Automation and financial services: debunking the myths

Charles Ellis,  Trader and Quantitative Strategist at Mediolanum Asset Managemen

In an age of self-driving cars, ‘robot surgery’ and computers capable of trouncing human players in hugely-complex games such as Chess or Go, it seems obvious to many that the automation of Wall Street, the City of London, Frankfurt and other financial centres must be imminent.

It is assumed that Artificial intelligence (AI) will shortly consign the stock picker and fund manager to the same historical oblivion as the textile weaver.

Now it is quite true that AI has great potential in financial services, of which more in a moment. But in the here and now, the exaggerated expectations of technophile observers have, alas, to be gently let down.

When this happens, the reaction of these observers is frequently to swing to the other extreme, and complain that the financial services industry is failing to take advantage of AI and is stuck in a technological dark age.

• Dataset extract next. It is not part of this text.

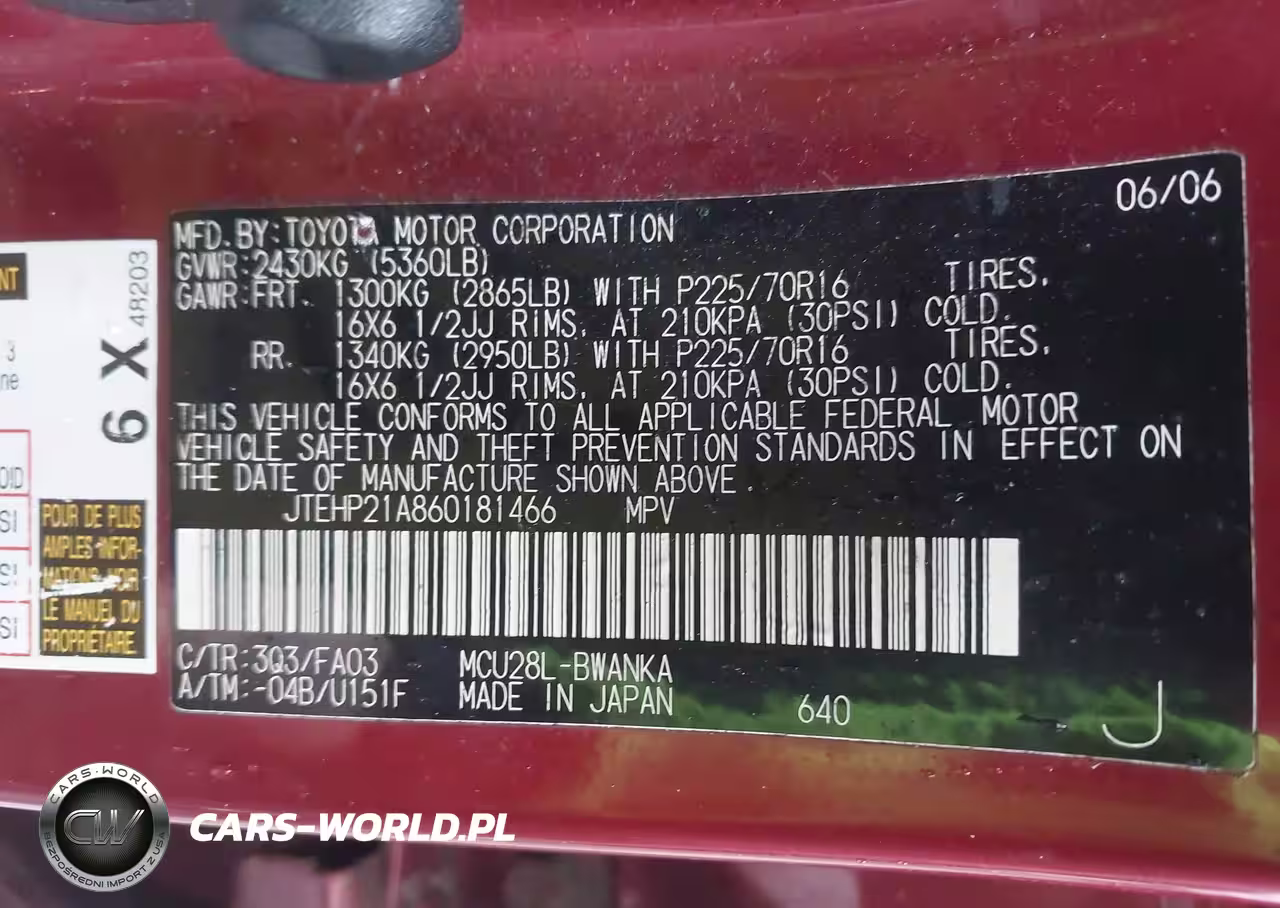 IAAI Nr: I-44776593 VIN: JTEHP21A860181466 Port: Elizabeth, NJ

At root is a misconception about the application of technology in financial services. Machine learning, while a less catchy concept than AI, has been used for a long time. After all, a simple linear regression in an Excel spread-sheet is an example of machine learning, albeit of a basic type.

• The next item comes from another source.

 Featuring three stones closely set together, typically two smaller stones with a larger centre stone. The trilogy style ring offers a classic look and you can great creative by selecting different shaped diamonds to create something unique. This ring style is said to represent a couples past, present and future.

No, this is not the financial-services equivalent of the self-driving car. Nor is it meant to be. Machine learning is a less intriguing name than AI, but it is widely and profitably used. 

Furthermore, advanced machine learning can act as a powerful partner for human managers. It can generate predictions, and then turn those predictions into a strategy. It can pick long/short positions more swiftly than a manager, but in all cases human supervision is needed to ‘sense check’ the proposed course of action.

The machine should not be allowed to operate without oversight.

Here is one, very pertinent, example. There was, as we all know, a sharp fall in the external value of sterling once the result of the UK’s June 23 2016 referendum on membership of the European Union became known. A machine learning program would study the huge amount of historical data at its disposal and note at once that every such sharp decline in the value of the pound in the past, such as 1976, 1985 and 1992, when Britain left the euro Exchange Rate Mechanism, had been followed by a ‘bounce’.

This would have seemed, from the machine learning perspective, an obvious buying opportunity. It would take a human manager to sense that ‘this time it’s different’, that the referendum result had taken us into uncharted waters, and that it would be prudent not to assume a strong recovery in sterling.

Such a manager, of course, would have been vindicated. Sterling may be off its immediate post-referendum lows, but at the time of writing, as 2017 comes to a close, it remains well below its pre-June 23 levels.

In short, automation is not going to replace humans any time soon. But that is not to decry the value of developments in ‘big data’ that can greatly enhance machine learning improve outcomes for clients, even if it’s not as evocative as ‘robot managers’. 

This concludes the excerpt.